Gözbebekleri bulutlandığında yaklaşan fırtınayı sezebilmelisin. Ve sen
ağladığında, onun gözünden gelmeli yaş..."
Benim kaleme almak istediğim fakat bu kadar güzel dillendirilmiş bir yazı varken benim kalemimden çıkan cümleler bu kadar yeterli kalmayacaktı... Dostluğun için teşekkürler... Tanıdığım nadir güzel insanlardansın.
Berna Candar
- Günümüz
dünyasında kalemlerinden aşka dair, sevgiye, dostluğa, mutluluğa dair
kelimeler dökülen yazılarıyla; gönüllere birazcık da olsa sevgi aşılayacak,
sevmenin ne kadar büyük bir erdem olduğunu hatırlatacak, büyük kalemlere ihtiyaç
var.

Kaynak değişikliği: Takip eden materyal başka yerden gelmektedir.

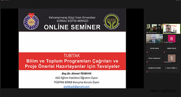 Zoom uygulaması üzerinden çevrim içi olarak gerçekleştirilen seminerin açılış konuşmasını üniversitemiz Rektörü Prof. Dr. Niyazi Can yaptı.“KSÜ olarak bilimsel araştırma alanlarında akademisyenlerimizin dünya çapındaki öncül çalışmaları ile üniversitemizin lider kimliğinin proje alanlarında da yer alması adına üniversite bünyesinde oluşturduğumuz; Bilimsel Araştırma Projeleri Koordinasyon Birimi, Proje Geliştirme, Koordinasyon Uygulama ve Araştırma Merkezi ve Avrupa Birliği Araştırma ve Uygulama Merkezi (KSÜ-ABAUM) işbirliği ile üniversitemizdeki akademik personelimizin proje geliştirmesi için çalışmaktayız.” diyen ve bu manada TÜBİTAK projelerinin önemini vurgulayan Prof. Dr. Niyazi Can, üniversitemiz Sürekli Eğitim Merkezinin düzenlediği bu seminerin üniversitemizin TÜBİTAK bilim toplum çağrılarındaki başvuru sayısının artması noktasında teşvik edici olacağına inandığını söyledi.Üniversitelerin eğitim, bilim ve teknolojide toplumlara öncülük etmek gibi önemli bir misyonunun olduğunu belirten Rektör Can, şehir ve ülke sorunlarına çözüm önerileri getirmeyi amaçlayan proje süreçlerinin ilerlemesinde araştırmacılara önemli tavsiyeleri içeren seminerin hazırlanmasında emeği geçen herkese teşekkür etti.Açılış konuşmasının ardından Türkiye Bilimsel ve Teknolojik Araştırma Kurumu (TÜBİTAK) Bilim İnsanı Destekleme Daire Başkanlığı Danışma Kurulu Üyesi, KSÜ Sürekli Eğitim Merkezi Müdürü, Eğitim Fakültesi Öğretim Üyesi Doç. Dr. Ahmet Tekbıyık, ‘TÜBİTAK Bilim ve Toplum Programları Çağrıları ve Proje Önerisi Hazırlayanlar için Tavsiyeler’ konulu seminer sunumunu gerçekleştirdi.Doç. Dr. Ahmet Tekbıyık, seminer sonrasında akademisyenlerin proje hazırlıklarında dikkat edilmesi gereken hususlara ilişkin sorularını cevaplandırdı.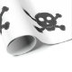 Un crâne en feutre noir avec des points blancs. Tout le design numérique.

Sen bu erdemi gösteriyorsun arkadaşım ve temennim odur ki; gönlünün
istediği yerde, gönüllerde olursun... Saygılar
Not: Yusufluk yapmaktan geri kalmayayım. Allah sana da telefon kulübesinde halay çekme benzitilmesi gibi ilginç bir benzetme nasip etsin(!)